Зрителей попустило. Прекрасно. Только о чём теперь говорить дальше? Тот палец, из которого Зюк до сих пор высасывал прегрешения своей бывшей родины, уже распух и почти не давал ядовитого сока... Что ж, у него осталось ещё девять нераспечатанных пальцев. Он справится, он прорвётся, он выслужится и всех посрамит! Он правда сможет, не бейте, у него уже получается...
Остаток времени до приезда клоунов Зюк словно качался на качелях. Сперва раскачивал толпу в сторону леденящего ужаса от масштаба прегрешений своего царства, затем, когда за все эти прегрешения его готовы были порвать, убеждал её, что уж он-то, отдельно взятый Зюк, является счастливым исключением: в Эузе все грешили, а он не грешил. Дальше он говорил, что таких исключений, как он, в общем-то, очень много: народ Эузы уже просыпается, вдохновлённый успехами некрократии в Отшибине, на которую давно пристально смотрит как на образец для подражания, славный, славный и достославный образец. При упоминании о существовании правильно мыслящих эузцев отшибинские лица понемногу теплели, яростные морщины разглаживались - всё до той поры, как слушателям начинало казаться, что картина уж слишком благостна, а значит, кающийся Зюк им лжёт. В этот момент кто-то непременно восклицал:
- Пытаешься уйти от покаяния, гнида! - и гнида рассыпалась в комплиментах его наблюдательному уму, ибо да, всё верно, эузцы очень изворотливы, они любую истину извратят, а немногие верные лозунги прицепят как-нибудь набекрень. Да, они таковы, тут уж ничего не сделаешь, ведь эузцы - они из Эузы, плоть от плоти, так сказать, а Эуза несправедлива по определению, чему свидетельство - мрачные годы правления Живого Императора. Кстати, в эти самые и последующие годы мрачные умы поработителей всего просвещённого некрократией человечества додумались до того-то, того-то и того-то. Но все эти злобные изыски, конечно же, не испугают самый смелый в мире Великий народ, ибо получат достойный отпор, что не может не радовать и здоровые силы, сохранившиеся в самой Эузе. Ибо даже в тотально плохой Эузе всё-таки есть ещё хорошие эузцы, которые искренне ненавидят свою плохую Эузу.

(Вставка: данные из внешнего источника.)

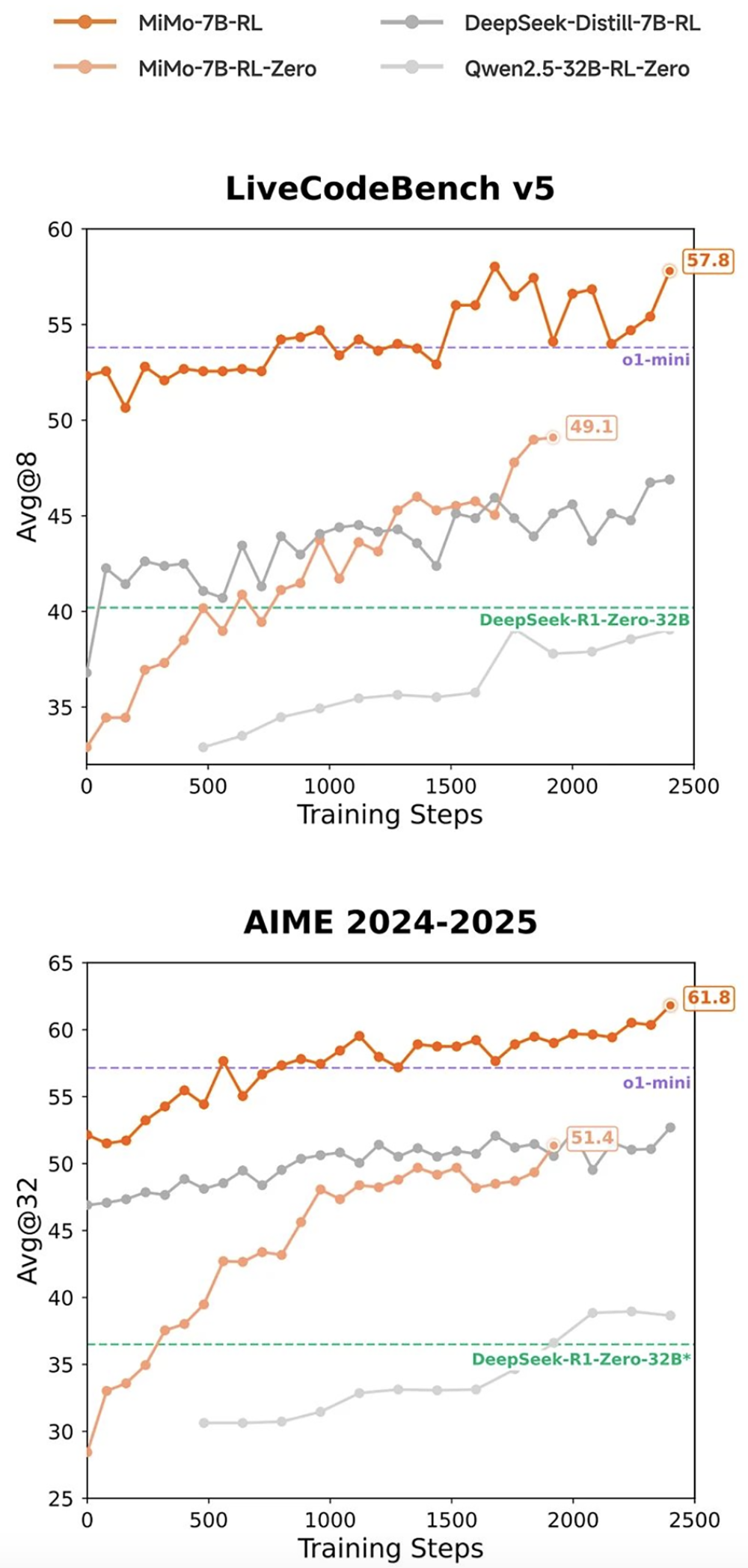 在数学基准测试AIME 2025测试、代码基准测试LiveCodeBench v6中,MiMo-7B-RL的得分均超过OpenAI o1-mini。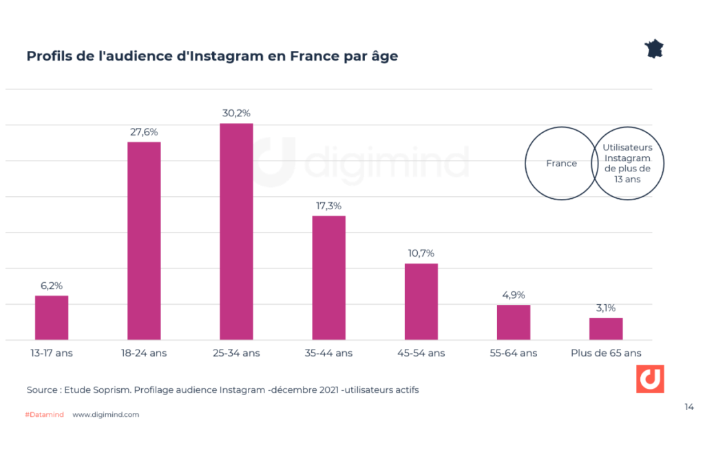 Attention, cela vous sera bénéfique si votre stratégie est clairement définie et si vos cibles sont belles et bien présentes sur la plateforme. Pour en être sûrs, vous pouvez commencer par observer la représentation graphique de l’âge des utilisateurs d’Instagram en France à fin 2021 réalisée par Digimind :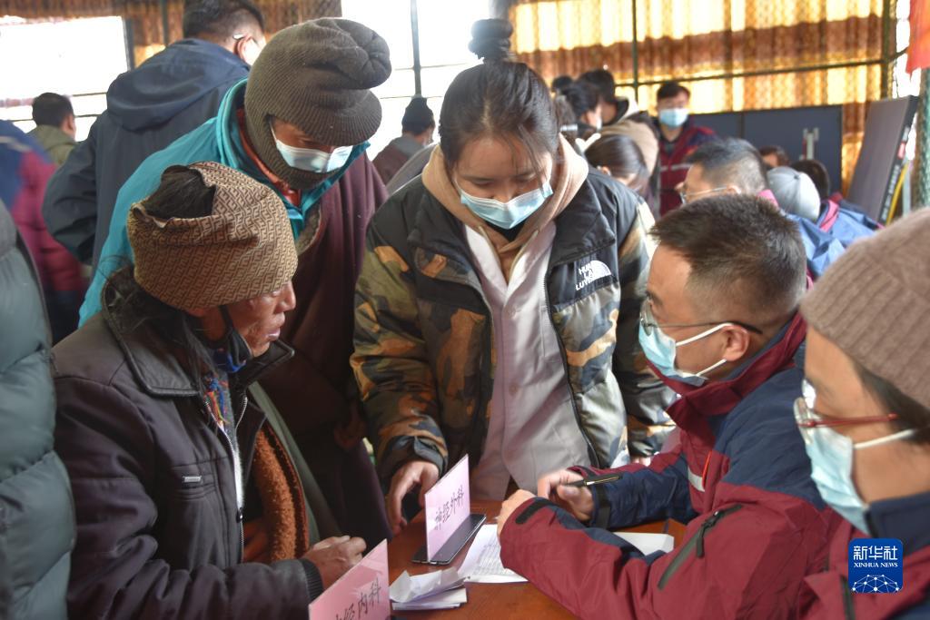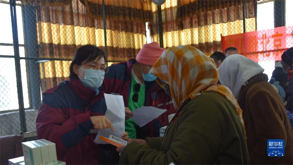 午后時分,天空仍然飄著小雪,來自北京援藏醫(yī)療隊的15名醫(yī)生剛下車,便馬不停蹄地開始工作。據(jù)援藏醫(yī)療隊醫(yī)務(wù)處處長趙萬全介紹,本次義診前,醫(yī)療隊已提前了解當?shù)厝罕姷亩喟l(fā)病類型,攜帶了充足的降血壓、常用抗生素等藥品。與此同時,他們還為納木湖鄉(xiāng)群眾開展“分級診療”,“把脈”群眾的健康狀況,對群眾所患病癥的進一步醫(yī)治給出相應(yīng)建議。
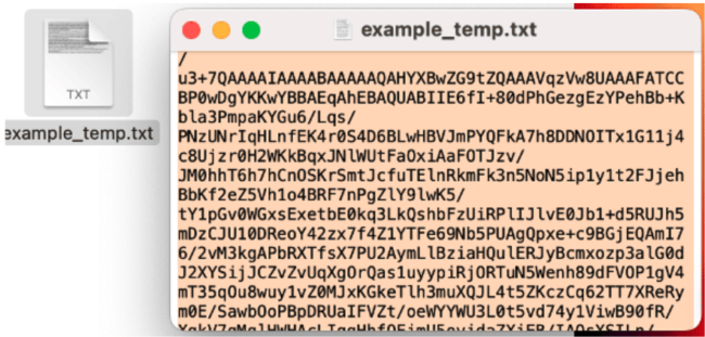 - Encode the requested file with base64, and save (paste) it in a temporary text file: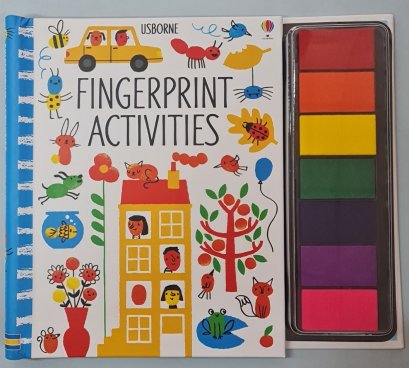หนังสือกิจกรรมพิมพ์ศิลปะลายนิ้วมือสำหรับเด็ก เนื้อหาเป็นภาษาอังกฤษ มีรูปภาพประกอบสวยงาม สีสันสดใส

Когда прибыли клоуны, они долго не могли приступить к представлению, так как аудиторию продолжал занимать Зюк. Клоуны в ожидании своей очереди не роптали, но стояли рядом, слушали с интересом, перенимали опыт. Ему же сперва гарпия Бац, а затем и уземфец Мустафа честно сказали, что выступление можно завершать. Сказать сказали, но, видать, не слишком доходчиво. Зюк и боялся ослушаться кураторов, и был бы рад лишний раз продемонстрировать послушание, но не тут-то было: он уже по-настоящему вошёл во вкус публичного покаяния, какая-то жаркая сила подхватила его и несла над толпой.
- Не понимаю, что это с ним, - молвила Бац.
И тогда уземфец, облизывая неведомо зачем напомаженные губы, поделился с нею мудростью своей песчаной стороны, где в годину жажды привыкли извлекать воду из вроде бы сухих предметов:
- В покаянии всегда так: начинать трудно, но с какого-то момента идёт, как по маслу. Говорят, что в этот момент изнутри горечи раскаяния прорастает древо желания, которое и сообщает ему неизъяснимую сладость.
* * *
Потянулась для Зюка отшибинская покаянная жизнь. Очень даже недурственно потянулась. Каяться-то оказалось на удивление легко и приятно. И притом безопасно: несмотря на частые угрозы, карлики гибкого Зюка так ни разу и не побили.
- Хорошо вас там, в Академии наук воспитывают, - как-то признал Мустафа. - Почти как в наших уземфских школах наложников.
Кто-то другой из послушников Академии (да тот же Флюсти, Витал, или даже слабак Ниф) на такие слова оскорбился бы, но Зюк понял, что его куратор просто с большим уважением отозвался о его подготовке. Ясно, что нижневосточнику просто невдомёк: для Зюка настоящий уровень - это университет Приза. К сожалению, этот и другие западные университеты находятся за Порогом Смерти, пройти который без риска для здоровья позволено лишь мертвецам. Тогда как в Эузе в посмертие не принимают: да там ведь многие блага под неразумным запретом.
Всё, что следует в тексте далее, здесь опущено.